A very relevant part of the interview is when you shake hands, it’s the one time when you’ll have physical contact with the interviewer, make sure you are making eye contact and then grab their hand gently and firmly for about 4-5 seconds or as long as it takes you both to introduce yourself. For a PHR this is one of the most important parts of the interview, so be really careful with it. This can be hard if you don’t have much confidence or the interviewer looks mean or scary, but it will tell a lot about you; you can practice this stage with a friend, parent or even a teacher if you’re studying. Ask them to act as if they were an interviewer and you the applicant, tell them to ask you questions and answer back always looking straight into their eyes, but don’t do it a couple of times, do it until you feel tired of practicing, until you’ve handled it so well you actually feel like you can pull off any interview successfully.

Succeed or Fail: Signals in a job interview It’s true that is important to be self-assured and determined in a job interview, but … doesn’t assure a job position

After this will come the actual interview so be very careful how you move your body.
When the interviewer is talking to you don’t look down, this suggests that you’re not interested at all of what they are saying, keep your head directed in the interviewer’s and nod whenever you feel like they’ve said something important or that you agree.
Keep your hands open, don’t play with your fingers or legs, and don’t balance on your chair, if you do this you’ll show that you’re calm and that you’re focusing.

It’s really important that when the interviewer asks deep questions you keep eye contact, avoid excessive blinking or looking sideways, this is really important because eyes often show how honest a person is, and you don’t want the interviewer thinking you’re lying or thinking things too much. If the question is too tricky or you get too nervous, don’t chew your nails or play with your hair, this indicates that there’s anxiety in the applicant, and you might become more stressed.

If you’re in a focus group, keep your concentration on the person you’re talking to and make eye contact with the other candidates every once in a while.

These are things that can be hard to achieve fast. So practice all you can, in your room, taping yourself, checking where you fail and making things right. Trust yourself and believe that you can do whatever you need.

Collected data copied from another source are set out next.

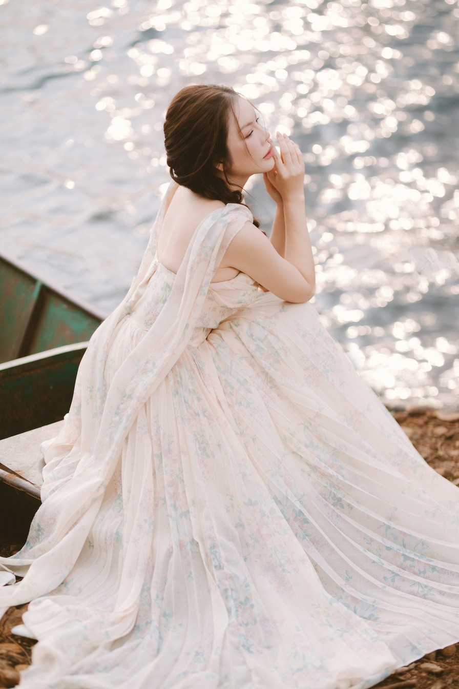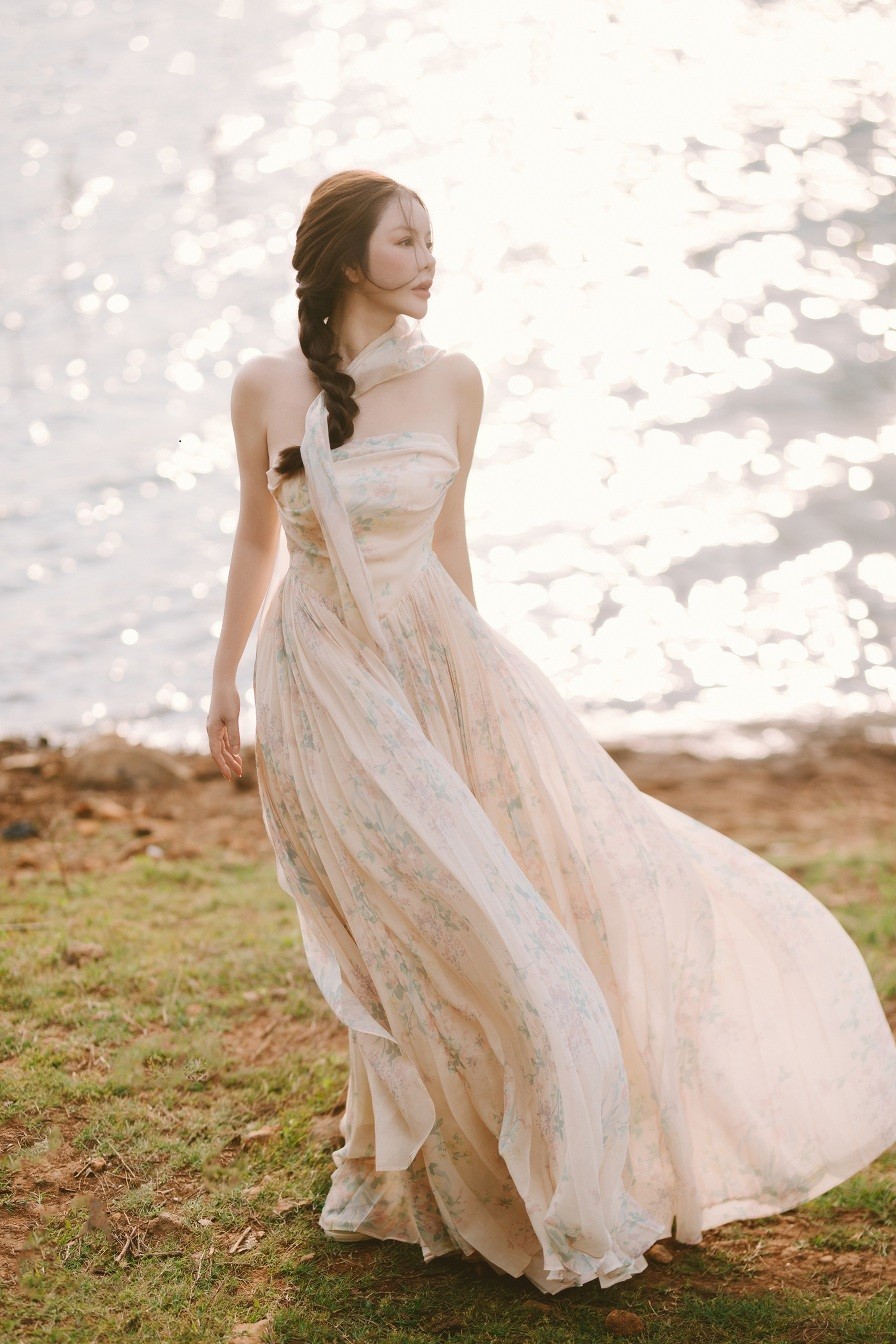 Biển Hồ T'nưng, "đôi mắt Pleiku", mênh mông và xanh biếc, mang vẻ đẹp khoáng đạt và đầy sức sống. Bối cảnh này là nơi lý tưởng để Lý Nhã Kỳ thể hiện sự quyến rũ, phóng khoáng. Cô diện chiếc váy cúp ngực với tà váy dài thướt tha bên mép hồ. Gam màu xanh của bầu trời và mặt nước làm nền hoàn hảo cho tông màu pastel nhẹ nhàng. Hình ảnh Lý Nhã Kỳ đứng bên bờ hồ, mái tóc tết đong đưa trong gió, ánh mắt nhìn về phía mặt nước bao la, tựa như một nữ thần xuất hiện từ làn nước trong xanh, vừa quyến rũ, vừa bí ẩn.
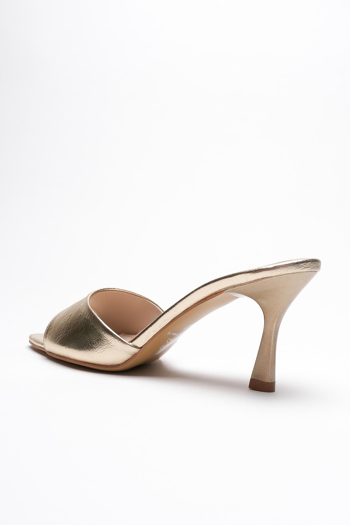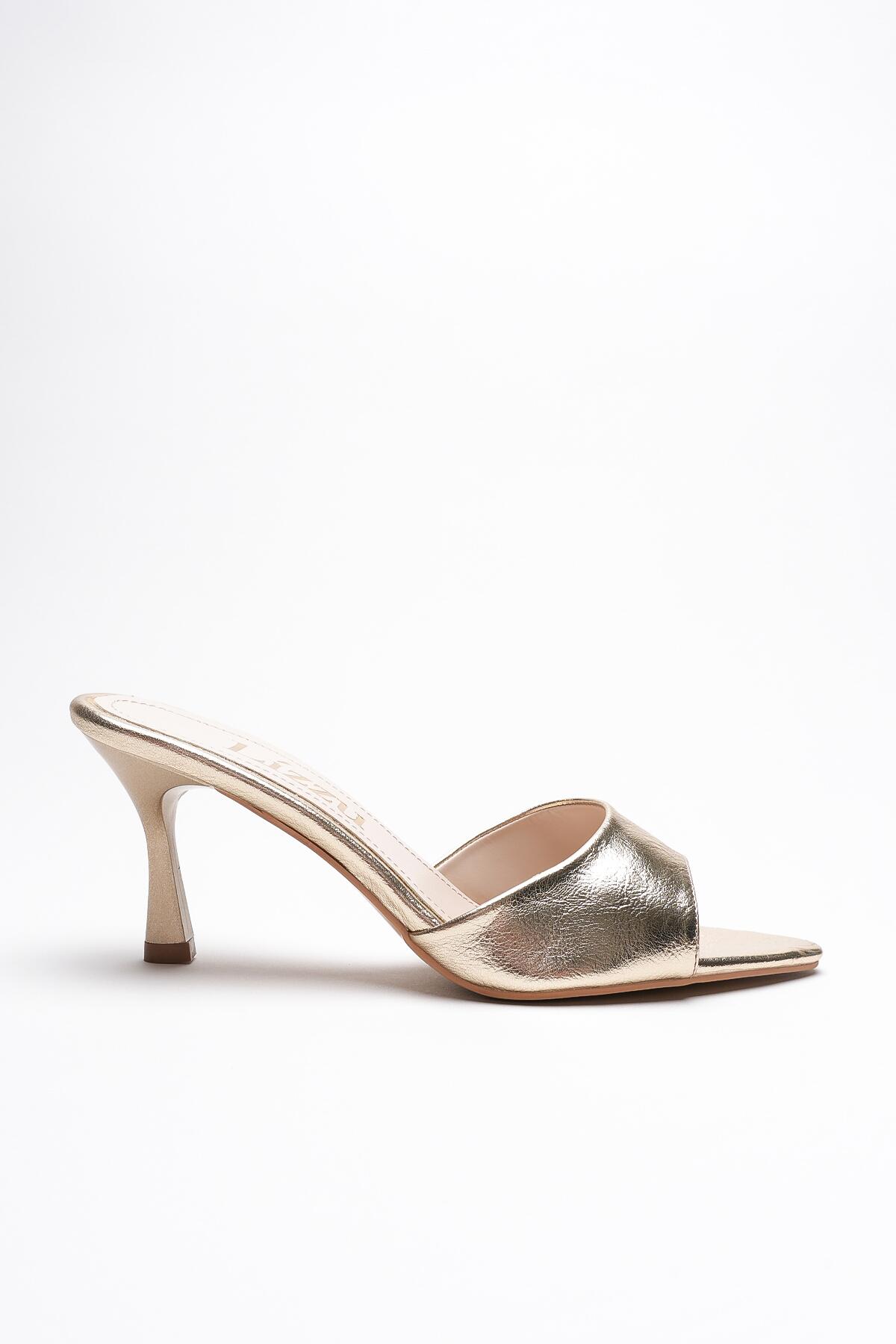 Kadın Sivri Burun Açık Topuklu Terlik Leni Altın
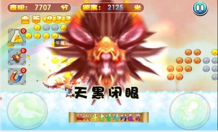 游戏中,你将扮演孙悟空、猪八戒、唐僧中的一位,通过跑酷的方式,消灭途中大大小小的妖怪,一路奔袭到牛魔王的老巢,与其展开生死大决战。你需要克服种种困难,努力地跑出更远的距离,跑得越远,你打击boss的时间越长,对牛魔王的伤害也就越大。
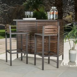 Buy 🤩 GDFStudio GDF Studio 3-Piece Isabel Brown Acacia And Rustic Metal Bar With Barstools, Set ❤️

Don’t ever think that you’re not good enough to give an interview. An interviewer is looking for special features in a person, something that makes the difference. It’s true that is important to be self-assured and determined in a job interview, but talking too much or having too much confidence doesn’t assure a job position for anyone.
If you have the abilities needed for the job, you never have to feel less worthy than the other applicants.
You can overcome confidence issues, the fear can be left behind, and you as a person and worker must know that you’re unique and valuable and therefore a job interview is just another step to be given.
Stay positive, if you don’t get the job, keep going forward and learn from your experiences, everything can be used to gain strength and become better in whatever it is that you’re failing.